Потом приезжали туда интервью у меня брать, спросили:
— Может, хотите, чтобы мы вам попросили отдельную комнату?
— Нет.
Не меня уважали, а воспитание, данное мне родителями. Я никогда не нагибался и никого не нагибал. Я пройду по коридору и что, уборщицу не пропущу вперед себя? Разве она не женщина? Я приду к Шимону Пересу и буду говорить с ним точно так же, как я говорю с ней. Мы — только люди. Я не верю во все эти понты, великий-шмеликий. Нельзя так даже думать. Велик только Б-г. Его я боюсь. Веди себя, как человек, и все.
— То, что вы видели на своем пути, отразилось на вашей огранке?

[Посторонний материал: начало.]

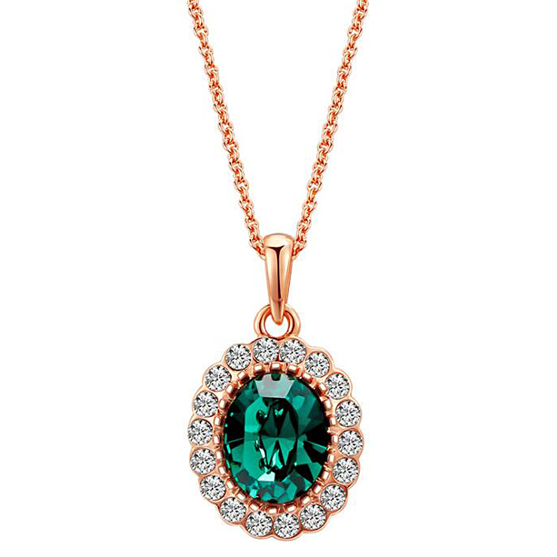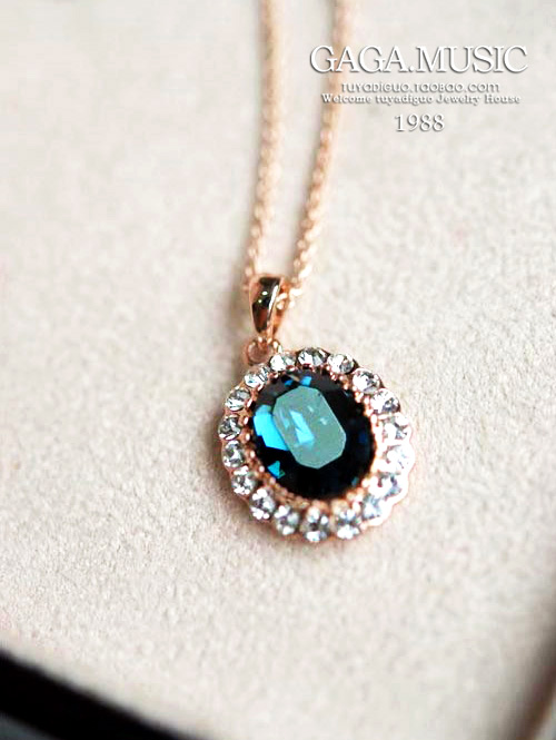 Korean Version Refined Oval Sapphire Ruby Color Crystal Necklace Grandmother Green Lock Bone Chain Female Ornament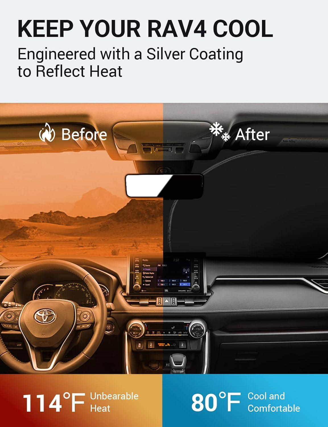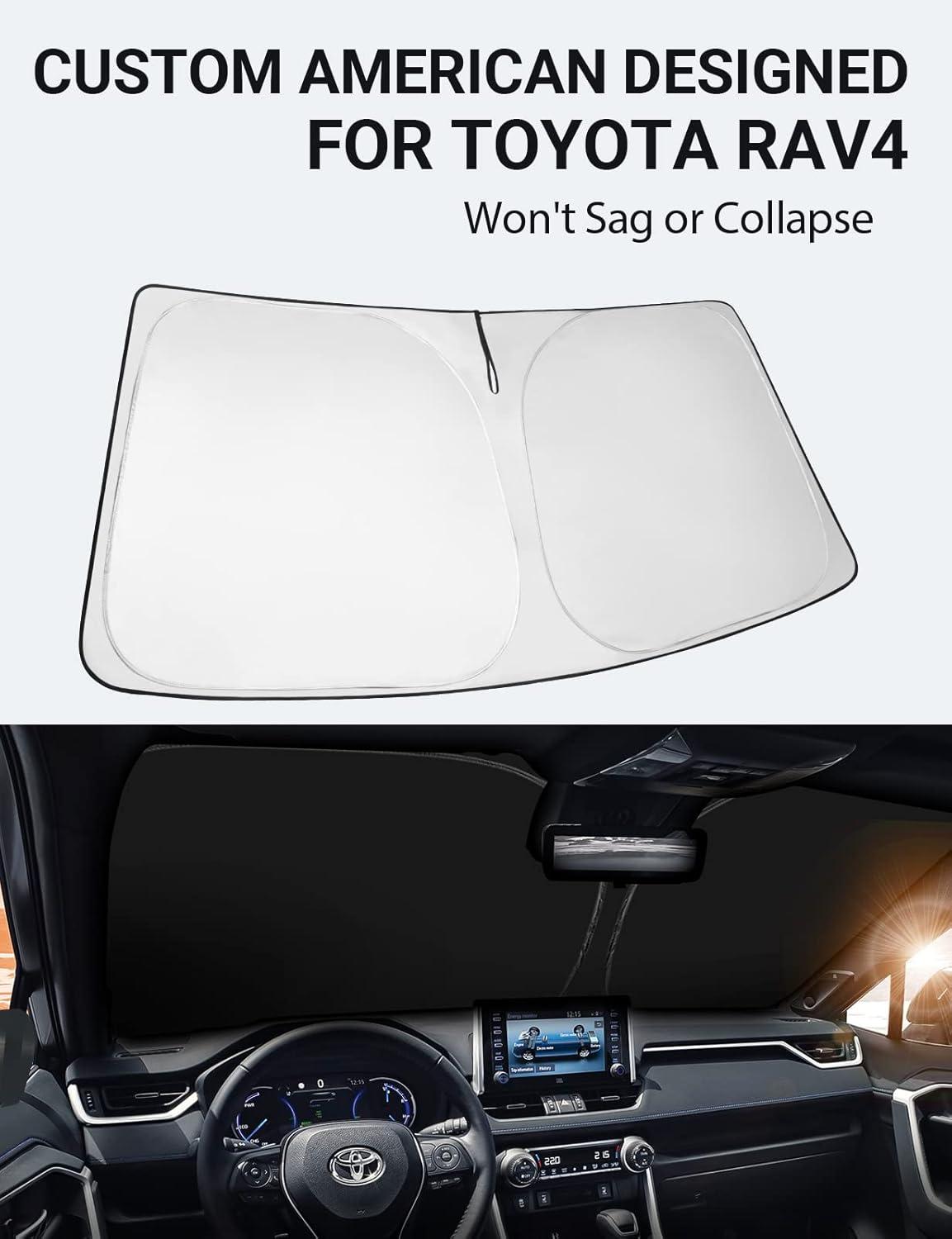 DESIGNED IN USA!!! Custom Design: The front windshield shade has been custom cut specifically for RAV4. Precise fit design and Reinforced steel rings make a precise and secure fit to the window, no need to use suction cups to hold it in place. It won't sag or collapse like other car heat shields. Fits for RAV4 2023 2022 2021 2020 2019.

— Я там рассортировал дешевый товар, — он показывает рукой за стенку, — на нем можно намного больше заработать. Но я не умею продавать такой товар. Он в моих глаза — не бриллиант. А от семьи я унаследовал то, что при любых обстоятельствах нужно оставаться человеком. Оставайся человеком и не продавай свою душу. Я, Авраам Трауб, был в советском садике, в школе, в музыкальной школе, в советской армии и в университете. И я никогда не менял имя — не был ни Борей, ни кем-то рядом. Всегда — Авраамом Траубом... Хотите меня обидеть? Обманите так, чтобы я об этом узнал. И, да, есть этого отпечаток на моей огранке... Когда в 92-м году я привел своих родителей к президенту Израиля... мне трудно вам передать... Для людей, которые в Освенциме думали, что... все кончено… Для меня это очень важно... Но я начинаю волноваться... И всегда — не дай мне Б-г опозорить родителей...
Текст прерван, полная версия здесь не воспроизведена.